▸ **WHAT IS REQUIRED**: Of all the lines below, output only those starting at the one with "图为校领导陪同杨海松副区长一行考察 摄影:李洋洋" and ending at the one with "中國人民銀行定于2025年9", both ends included, exactly as written.

▸ **DATA RECORDS**:

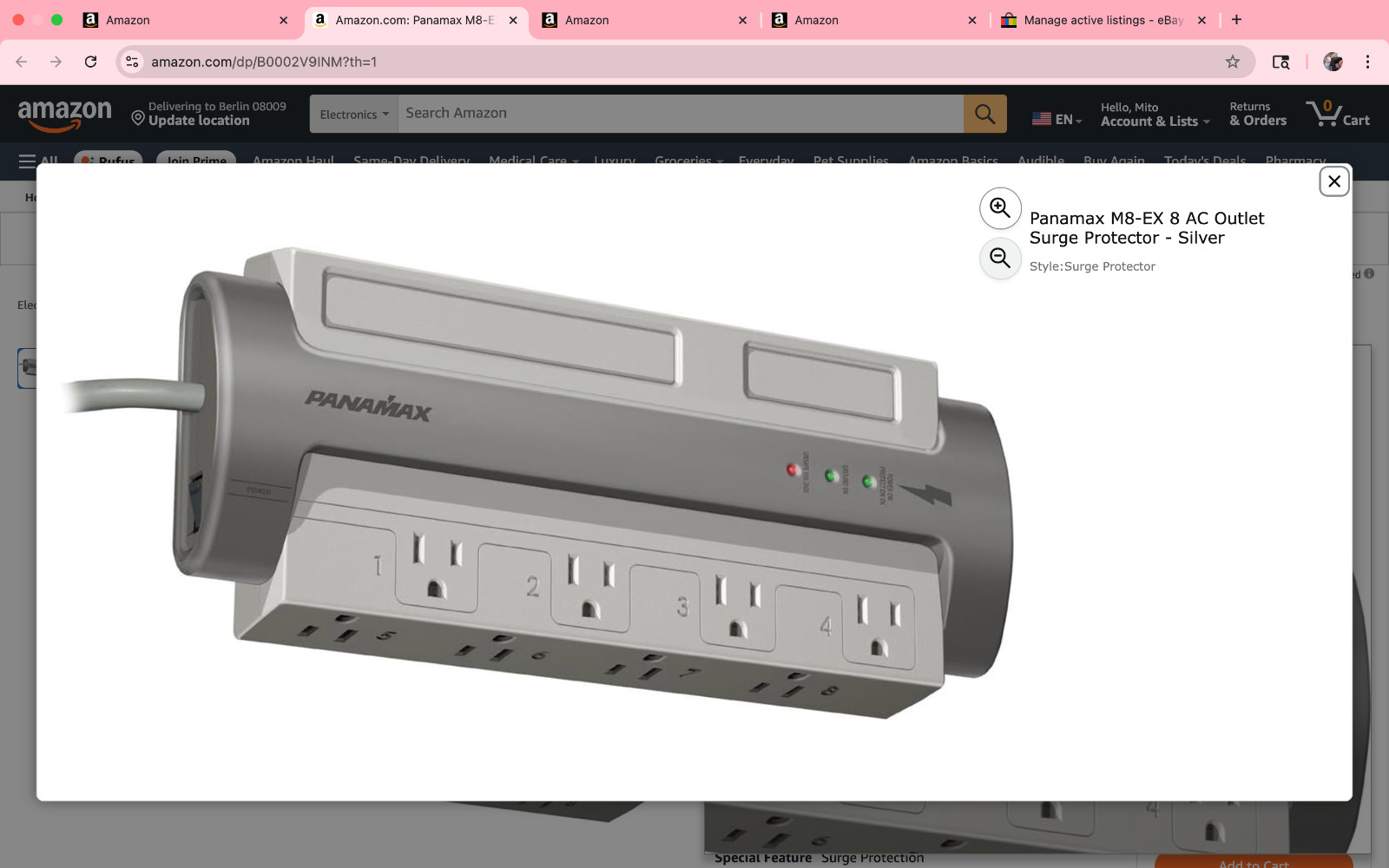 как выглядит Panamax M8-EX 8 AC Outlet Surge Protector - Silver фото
* * *
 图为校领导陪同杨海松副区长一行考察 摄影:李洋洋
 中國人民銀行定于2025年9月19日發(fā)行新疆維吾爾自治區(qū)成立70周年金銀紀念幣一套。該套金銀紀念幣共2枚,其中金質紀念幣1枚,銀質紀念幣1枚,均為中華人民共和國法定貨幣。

▸ **TASK SOLUTION**:
 图为校领导陪同杨海松副区长一行考察 摄影:李洋洋
 中國人民銀行定于2025年9月19日發(fā)行新疆維吾爾自治區(qū)成立70周年金銀紀念幣一套。該套金銀紀念幣共2枚,其中金質紀念幣1枚,銀質紀念幣1枚,均為中華人民共和國法定貨幣。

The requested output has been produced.